–Senate Majority Leader Reid: ‘I Wish Them Well’ in Budget Talks
–Hasn’t Been Involved In ‘Day-To-Day Negotiations’
–Obama And Boehner Are Discussing Spending Cuts, Revenues
–Weekend Session Not Needed; ‘Circumstances Have Changed’

By John Shaw

WASHINGTON (MNI) – In yet another surprising twist in the agonizing
saga to increase the U.S.’s statutory debt ceiling, Senate Majority
Leader Harry Reid Friday abruptly cancelled the Senate’s weekend session
and said President Obama and House Speaker John Boehner are working
aggressively to negotiate a “major deficit reduction measure” which
would also increase the debt ceiling.

In remarks on the Senate floor, Reid said he and Senate Minority
Leader Mitch McConnell are not even a part of these talks.

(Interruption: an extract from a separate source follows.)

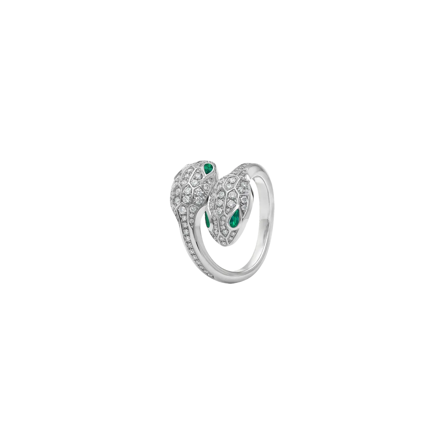 Кольцо «змеи-соблазнители», передающее пленительную красоту змеи и гипнотическую силу ее взгляда, возобновляет очарование легендарного мотива Bvlgari в завораживающем творении с характерным дизайном и неудержимой чувственностью, с драгоценными змеиными головами, украшенными великолепными драгоценными камнями и глаза с неотразимым очарованием. Икона элегантности с опасным шармом Кольцо «Соблазнительные змеи» с двойной головкой из белого золота 18 карат с изумрудами и бриллиантовым паве.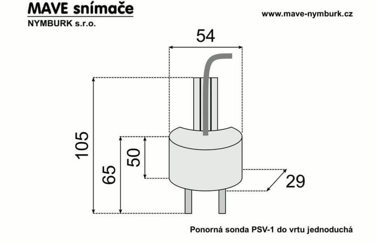Ponorná vodivostná sonda MAVE PSV-1 je určená na detekciu hladiny v studniach, vrtoch a nádržiach, pričom je plne certifikovaná pre trvalý styk s pitnou vodou. Tvorí ju elektróda z nerezovej ocele zaliata v odolnom puzdre s pevne pripojeným 5-metrovým káblom, čo zaručuje dokonalú vodotesnosť. Je ideálnym doplnkom k hladinovým spínačom radu MAVE 2-HH.

“I haven’t been in the day-to-day negotiations,” Reid said.

“I wish them both very well,” Reid said of Obama and Boehner.

He said that any budget agreement would move first through the
House so it was not necessary to begin moving a debt ceiling bill
through the Senate this weekend.

“Circumstances have changed,” he said, in explaining the
cancellation of the Senate’s weekend session.

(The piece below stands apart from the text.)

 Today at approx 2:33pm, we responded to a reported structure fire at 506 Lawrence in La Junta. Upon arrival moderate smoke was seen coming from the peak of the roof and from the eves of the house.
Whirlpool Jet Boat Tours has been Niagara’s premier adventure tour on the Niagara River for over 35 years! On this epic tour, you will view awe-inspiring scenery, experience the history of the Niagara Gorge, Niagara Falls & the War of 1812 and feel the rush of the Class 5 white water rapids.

Reid said the president and the speaker are negotiating a package
that includes both spending cuts and revenue increases. Boehner has said
repeatedly that he opposes adding tax increases into a deficit reduction
package.

Reid spoke moments after the Senate rejected the House Republican’s
“Cut, Cap and Balance” plan on a 51 to 46 vote. Reid said the House GOP
plan is “over, done. It’s dead.”

Reid’s comments appear to suggest the option that he and McConnell
will draft a debt limit fallback plan is either dead or has been
suspended.

Reid’s comments are surprising because Boehner in a Friday morning
briefing said he is waiting for the Senate to pass its own budget bill.
The Speaker even appeared to deny that he and Obama are in active budget
talks, saying only that he has kept the “lines of communication open.”

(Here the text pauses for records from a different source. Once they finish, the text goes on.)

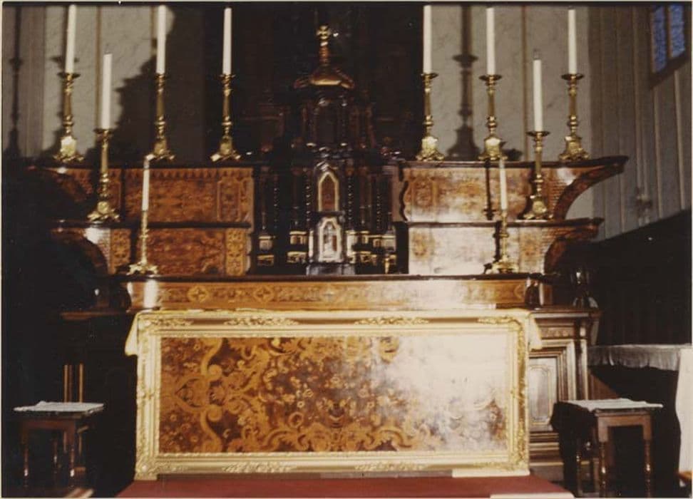 Marqueterie de bois (noyer, buis, citronnier, palissandre et acajou). Le maître-autel a été réalisé par un artisan local en réutilisant un tabernacle (changement de fonction) plus ancien (fin du 17e siècle). L'antependium et les trois degrès sont plaqués de bois marqueté, décoré dans le style du 17e siècle : rinceaux, ramages, bouquets et arabesques.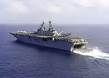 ![]() A US Navy LCAC maneuvers to enter the well deck of the amphibious assault ship USS Kearsarge | |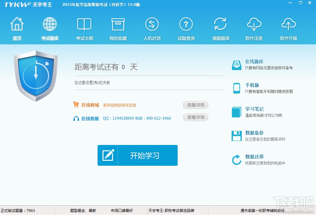 1,新题库 天宇考王是根据新考试大纲编订,由全国医药卫生专业资格考试专家研究组编写,能够对历年考试真题、新题型、必考题型进行全面覆盖,题目再难也不怕。 2,人机对话,高级试题,模拟考场 多种学习模式,充分调动您的学习积极性,设有答案提示让您没有后顾之忧,轻松掌握必考知识点。权威性的模拟考场,配合新试题发布,紧扣教学大纲,让您轻松通过考试。 3,历年真题,免费升级 可以了解到历年考试题型和难易程度,而不是盲目的复习,助你高分通过医药卫生考试,顺利拿证书;根据每年新考试大纲提供及时更新升级服务,终身免费升级。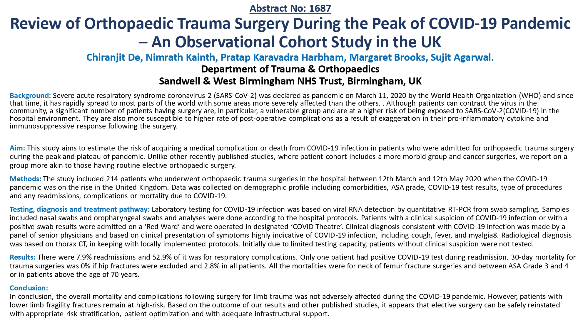 Review of Orthopaedic Trauma Surgery During the Peak of COVID-19 Pandemic – An Observational Cohort Study in the UK.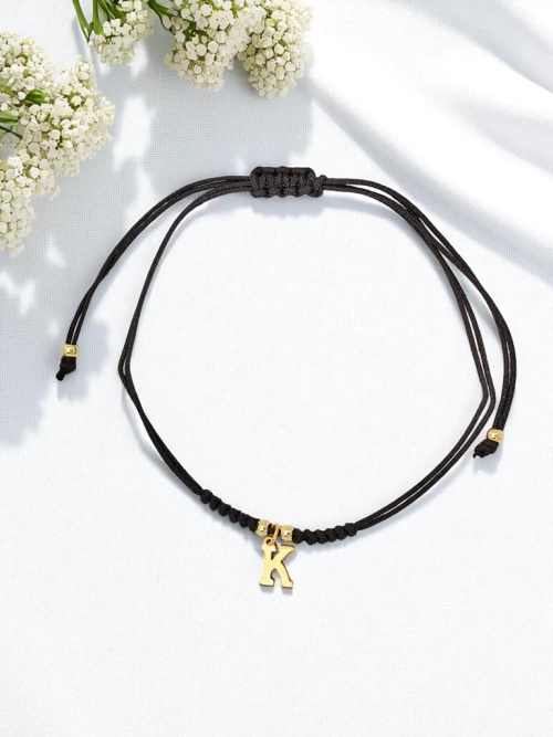 - Elegantný šnúrový náramok s nastaviteľnou dĺžkou, zdobený písmenom. Jemný a personalizovaný, ideálny na každodenné nosenie. Skvelá voľba pre tých, ktorí oceňujú jedinečné šperkové detaily a chcú dodať svojmu outfitu charakter.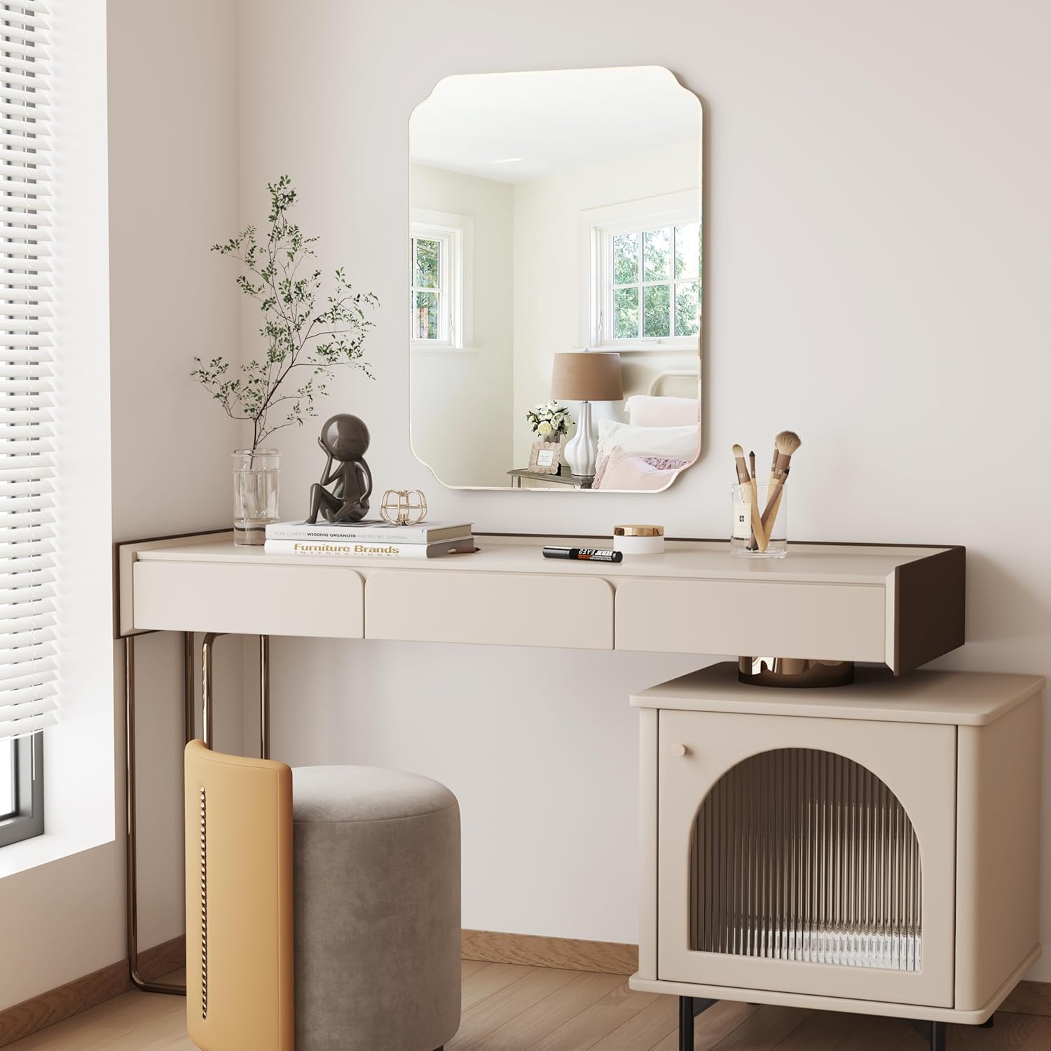 - FLEXIBLE MULTI-SCENE APPLICATION - Designed for hassle-free horizontal or vertical wall mounting, the beveled mirror edge complements diverse spaces—bathrooms, hallways, bedrooms, and living rooms—to create personalized decor effortlessly.

Reid is now meeting with the members of the so-called “Gang Of
Six.” The group of three Democratic and three Republican senators
developed a plan that would cut deficits by $3.75 trillion over a
decade. Their plan would include large savings from entitlement programs
and increase revenues by about $1.2 trillion.

The U.S. has already reached its $14.29 trillion debt ceiling.
Treasury Secretary Tim Geithner has said that Congress must pass
legislation increasing the debt ceiling by August 2.